As the Court stated above, Plaintiffs have not filed any opposition or other response to Wachovia's motion for summary judgment. At this stage in this litigation, when confronted with a motion that no genuine disputes of material facts exist, a non-moving party must go beyond their pleadings to demonstrate the existence of a genuine dispute of material fact. Fed.R.Civ.P. 56(c)(1). The non-moving party must offer some "concrete evidence from which a reasonable juror could return a verdict in his favor." Anderson, 477 U.S. at 256. Whereas here, if a non-moving party has the burden of proof on an essential element of his or her case and does not make, after adequate time for discovery, an evidentiary showing sufficient to establish that element, summary judgment is appropriate. Celotex, 477 U.S. at 322-23. Here, the parties have had an opportunity to engage in discovery and Plaintiffs have been afforded an opportunity to properly support or address Wachovia's assertions of fact. Yet, Plaintiffs have not demonstrated that a genuine dispute of material facts exists that they did perform as required under the contract and that Defendant breached or violated its duties or obligations under the contract. Plaintiffs' failure to make a showing sufficient to establish the existence of an essential element of their claim is fatal.

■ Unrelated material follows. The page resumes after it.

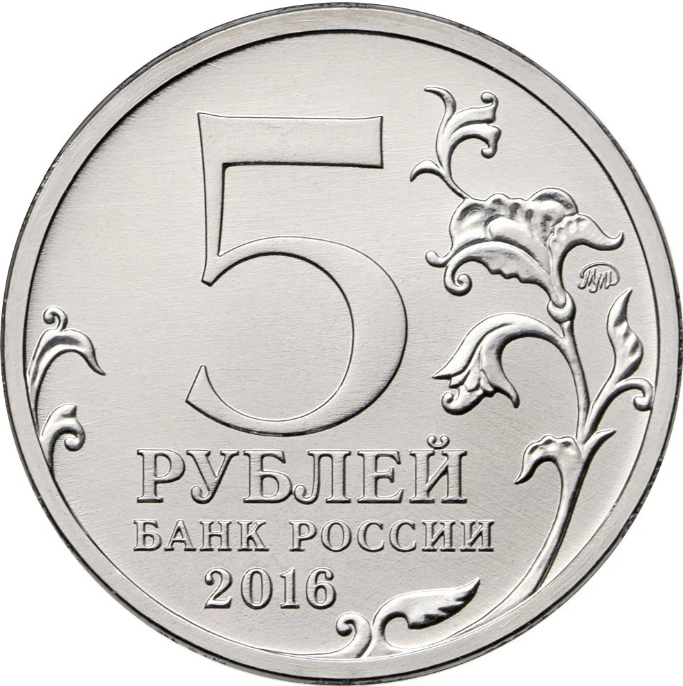 The center features "5 РУБЛЕЙ" above "БАНК РОССИИ" and "2016". A stylized plant twig extends left and right, with the mint mark near the rim.

The Court finds that "there can be `no genuine issue as to any material fact,' since a complete failure of proof concerning an essential element of the nonmoving party's case necessarily renders all other facts immaterial." Celotex, 477 U.S. at 322-23. Therefore, the Court finds that no genuine disputes of material facts exist as to this claim and that Defendant is entitled to summary judgment as a matter of law.
As a result of the Court's ruling above granting Defendant Nationwide's motion for summary judgment, the Court finds that Nationwide's motions in limine, which sought to exclude Plaintiffs' ability to present certain evidence, should be denied as moot.